Raw data section start

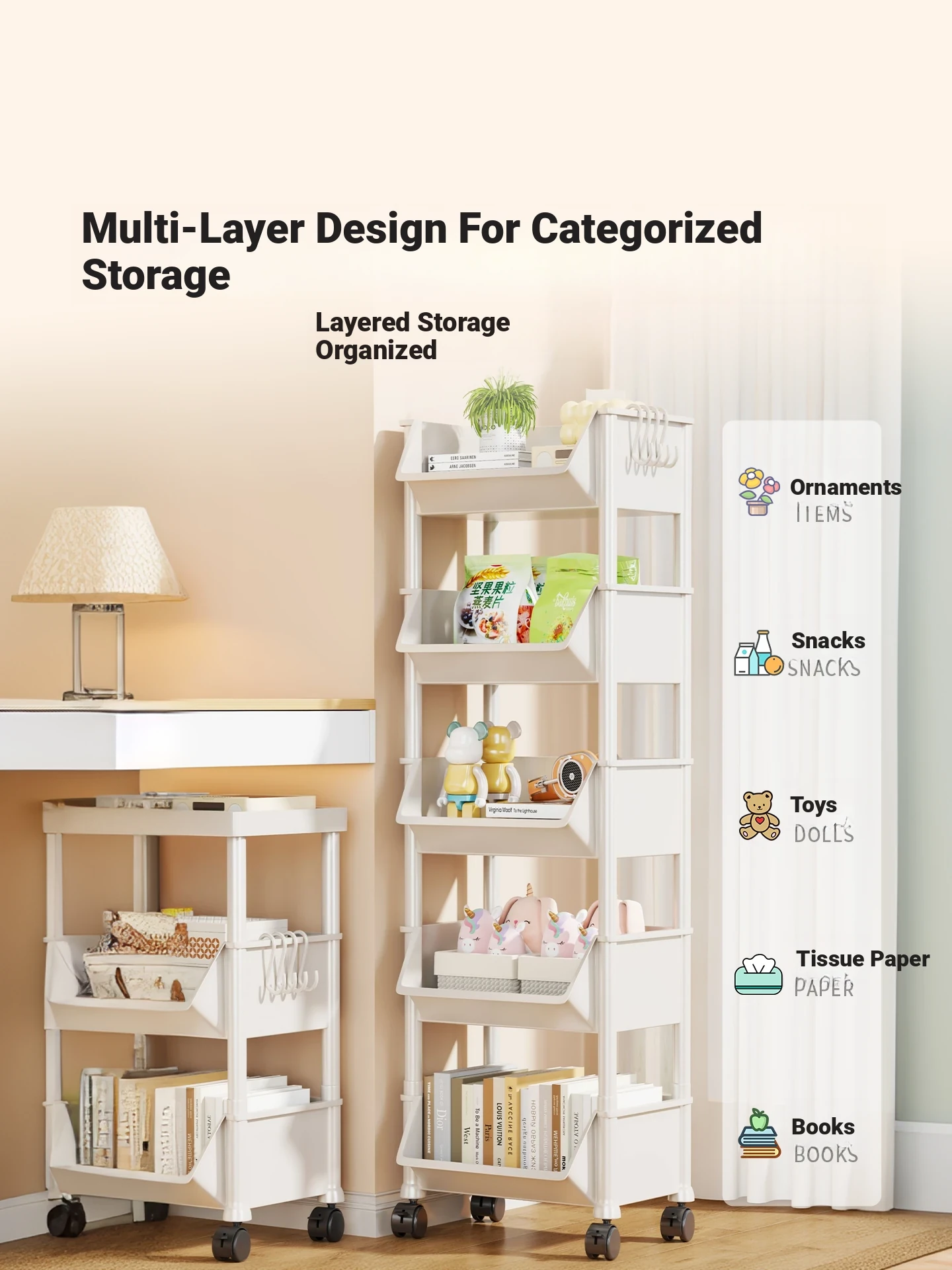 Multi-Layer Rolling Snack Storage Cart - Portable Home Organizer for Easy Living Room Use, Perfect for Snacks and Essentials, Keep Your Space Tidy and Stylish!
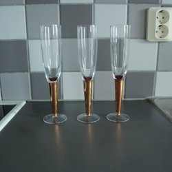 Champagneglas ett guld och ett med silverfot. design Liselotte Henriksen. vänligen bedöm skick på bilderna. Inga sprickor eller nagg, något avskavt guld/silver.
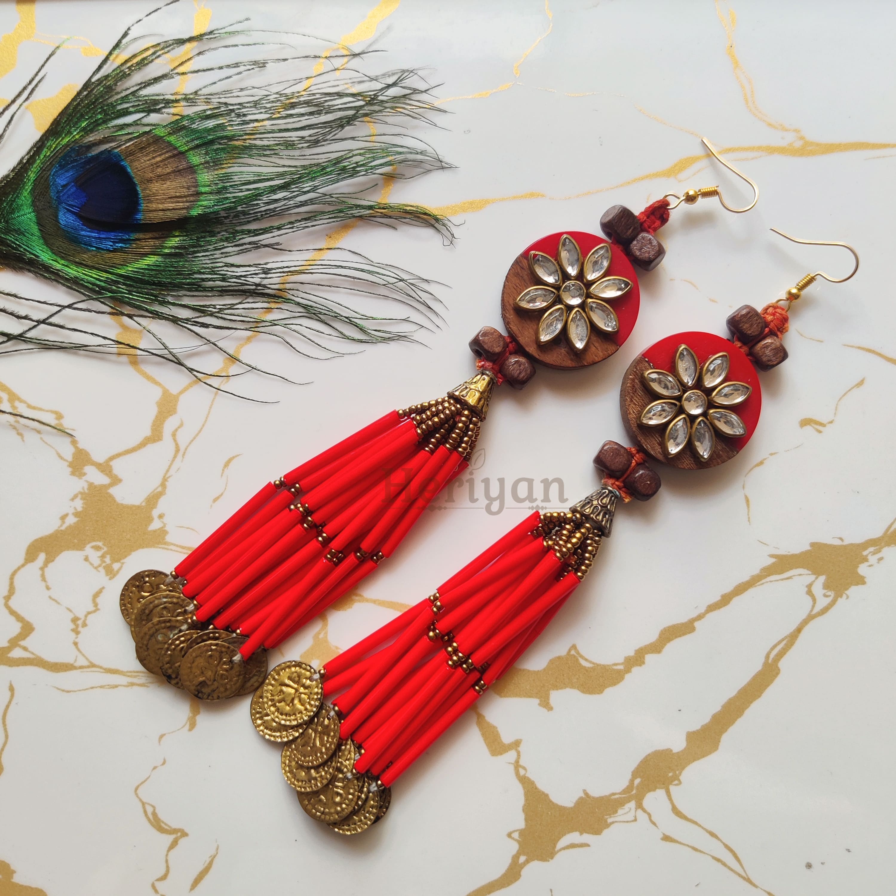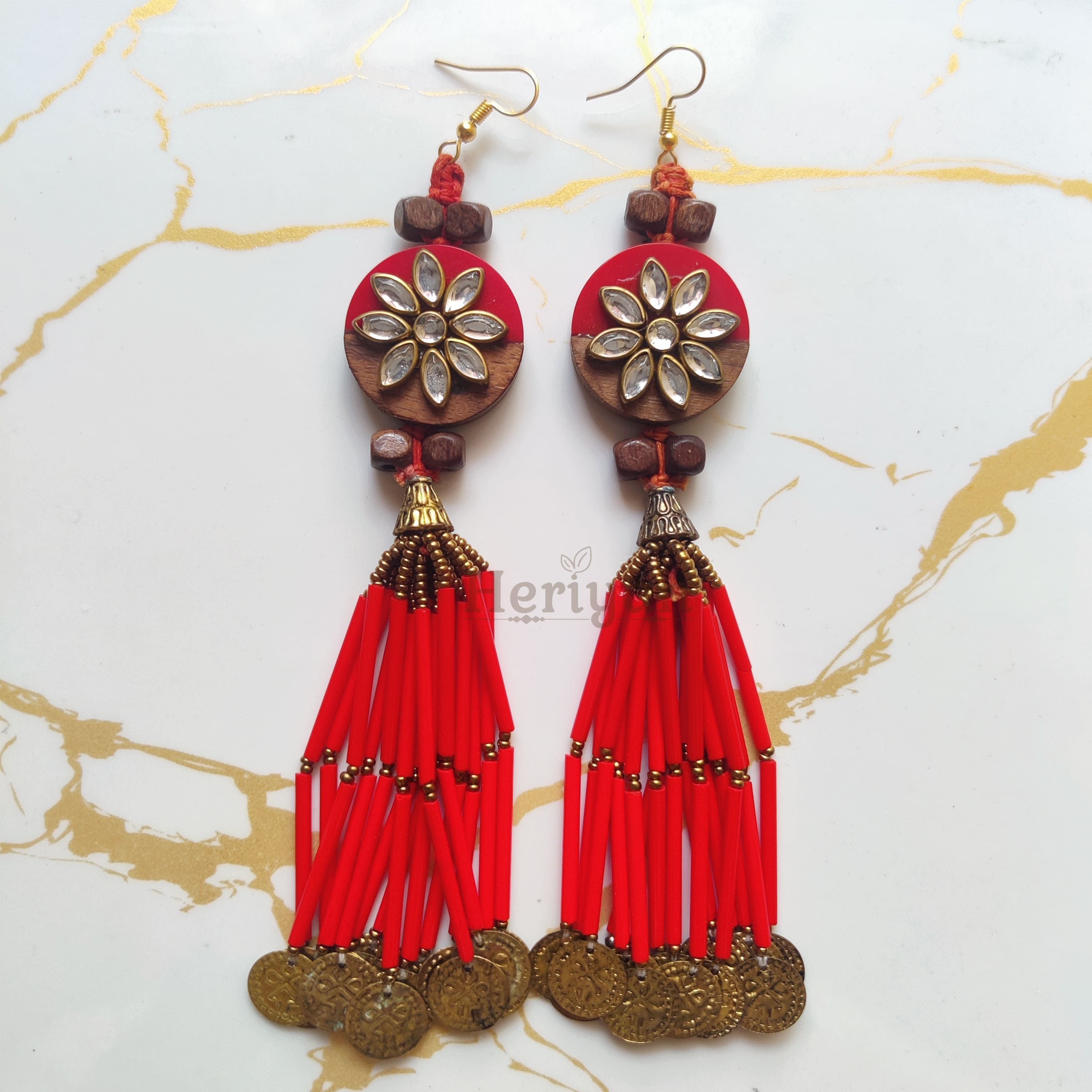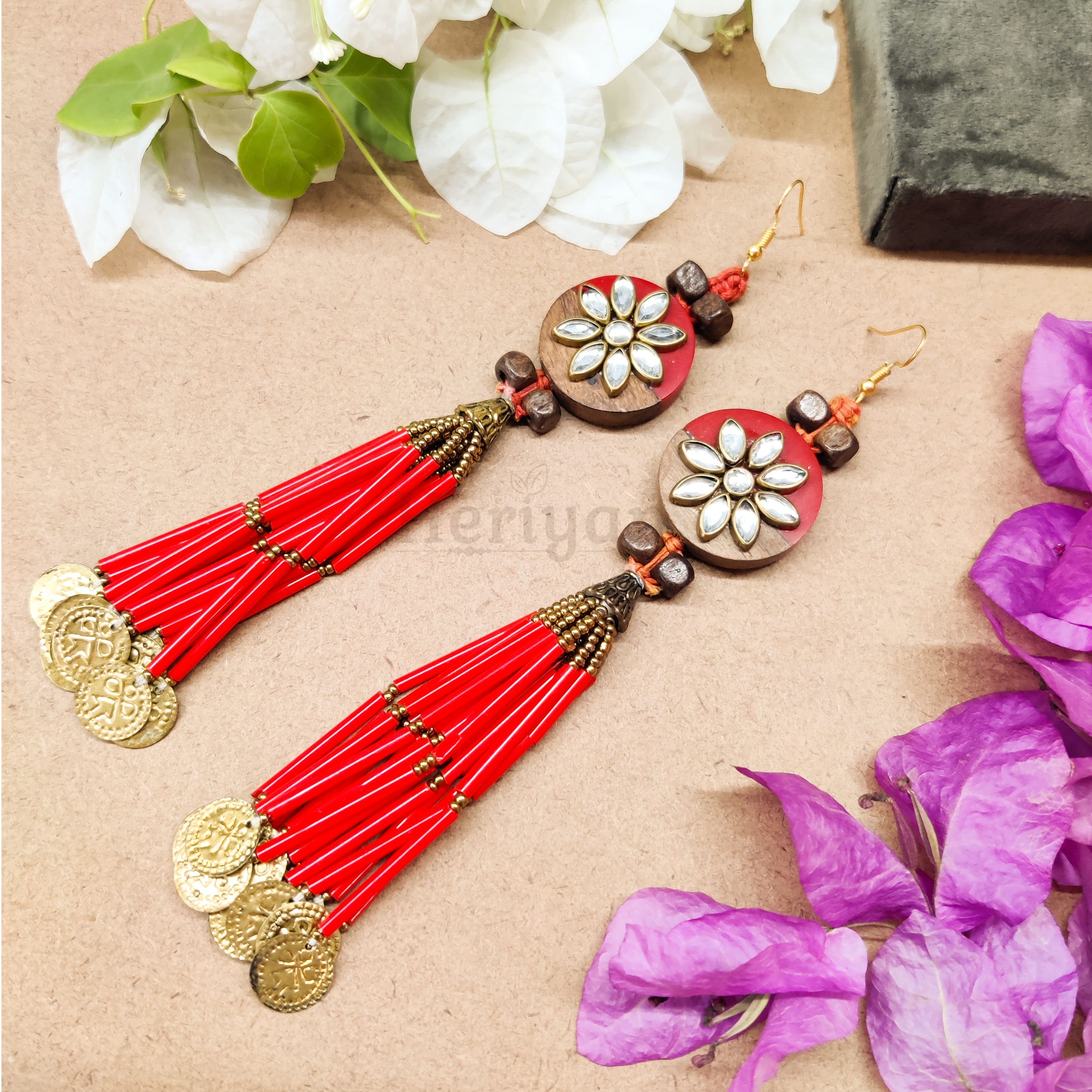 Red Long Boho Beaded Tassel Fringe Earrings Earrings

Raw data section end

* **How to complete this task**
Once the pictures are removed, output the remaining material exactly.

* **Response below**
 Multi-Layer Rolling Snack Storage Cart - Portable Home Organizer for Easy Living Room Use, Perfect for Snacks and Essentials, Keep Your Space Tidy and Stylish!
 Champagneglas ett guld och ett med silverfot. design Liselotte Henriksen. vänligen bedöm skick på bilderna. Inga sprickor eller nagg, något avskavt guld/silver.
 Red Long Boho Beaded Tassel Fringe Earrings Earrings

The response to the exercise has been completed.